What should be copied is the stretch of entries below from the line with "Portable Nail Drill" up to and including the line with "- TOP RATED", exactly and without images.

◆ Information:
-- -- --

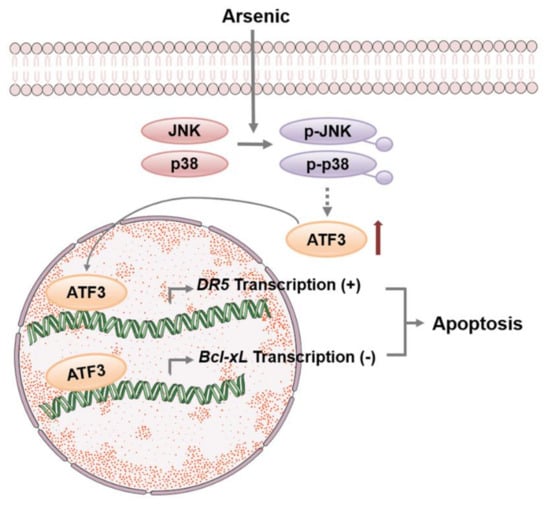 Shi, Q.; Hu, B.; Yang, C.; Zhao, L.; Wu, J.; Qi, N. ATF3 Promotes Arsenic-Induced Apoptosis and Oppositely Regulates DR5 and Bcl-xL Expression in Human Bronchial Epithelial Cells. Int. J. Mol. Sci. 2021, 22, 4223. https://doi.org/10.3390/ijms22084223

-- -- --

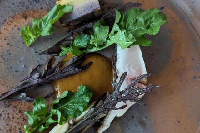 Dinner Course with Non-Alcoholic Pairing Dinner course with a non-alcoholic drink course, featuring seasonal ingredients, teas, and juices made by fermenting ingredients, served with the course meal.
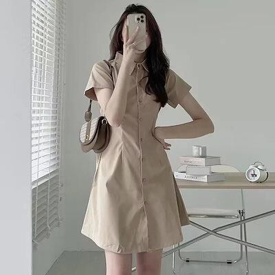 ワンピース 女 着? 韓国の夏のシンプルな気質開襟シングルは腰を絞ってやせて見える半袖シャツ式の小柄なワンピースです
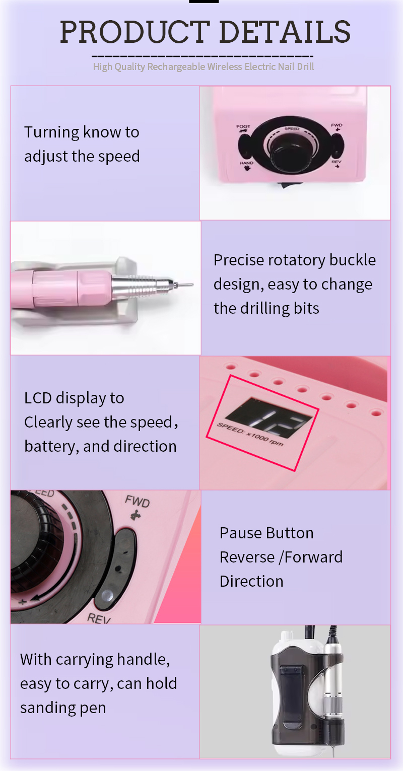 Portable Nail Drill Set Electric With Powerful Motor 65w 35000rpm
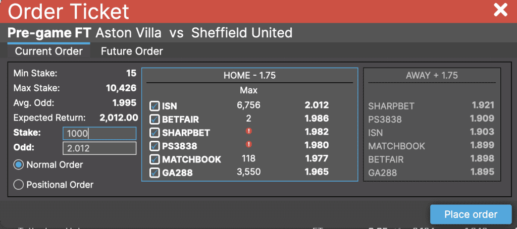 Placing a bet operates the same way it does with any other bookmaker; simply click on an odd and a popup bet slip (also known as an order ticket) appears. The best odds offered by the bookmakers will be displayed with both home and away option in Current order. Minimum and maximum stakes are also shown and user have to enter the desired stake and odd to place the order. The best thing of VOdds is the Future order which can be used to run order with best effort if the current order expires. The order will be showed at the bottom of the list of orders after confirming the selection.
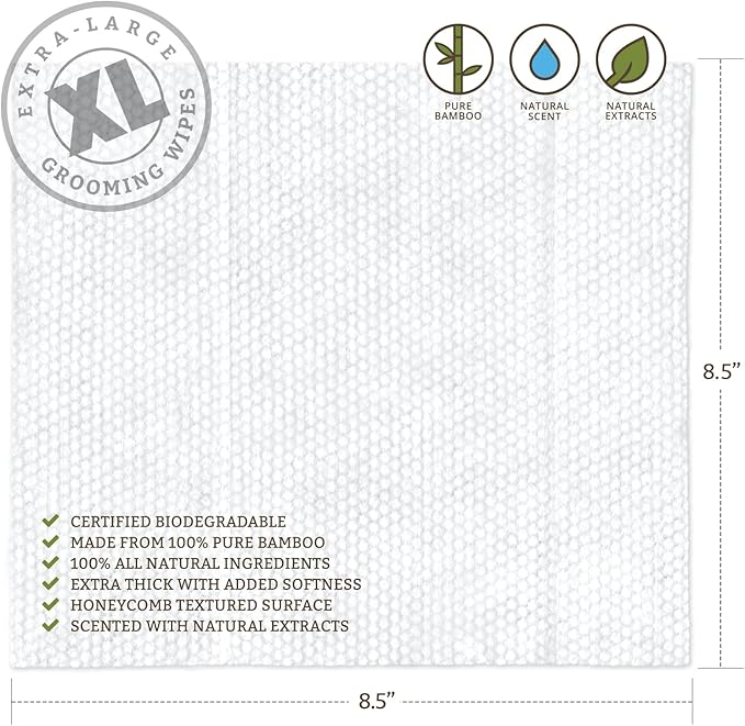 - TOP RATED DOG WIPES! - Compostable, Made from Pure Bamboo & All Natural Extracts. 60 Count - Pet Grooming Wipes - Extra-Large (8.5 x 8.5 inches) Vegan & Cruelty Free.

-- -- --

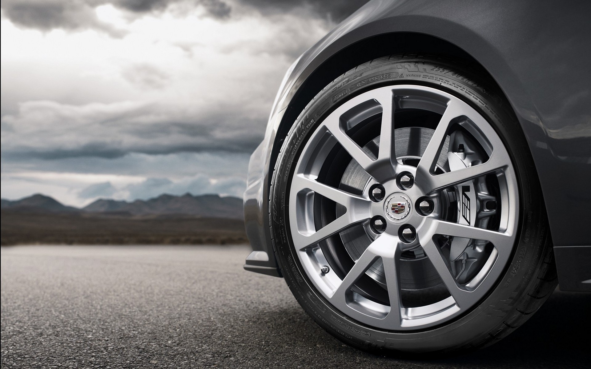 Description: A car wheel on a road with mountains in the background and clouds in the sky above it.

-- -- --

◆ Exercise solution:
 Portable Nail Drill Set Electric With Powerful Motor 65w 35000rpm
 Placing a bet operates the same way it does with any other bookmaker; simply click on an odd and a popup bet slip (also known as an order ticket) appears. The best odds offered by the bookmakers will be displayed with both home and away option in Current order. Minimum and maximum stakes are also shown and user have to enter the desired stake and odd to place the order. The best thing of VOdds is the Future order which can be used to run order with best effort if the current order expires. The order will be showed at the bottom of the list of orders after confirming the selection.
 - TOP RATED DOG WIPES! - Compostable, Made from Pure Bamboo & All Natural Extracts. 60 Count - Pet Grooming Wipes - Extra-Large (8.5 x 8.5 inches) Vegan & Cruelty Free.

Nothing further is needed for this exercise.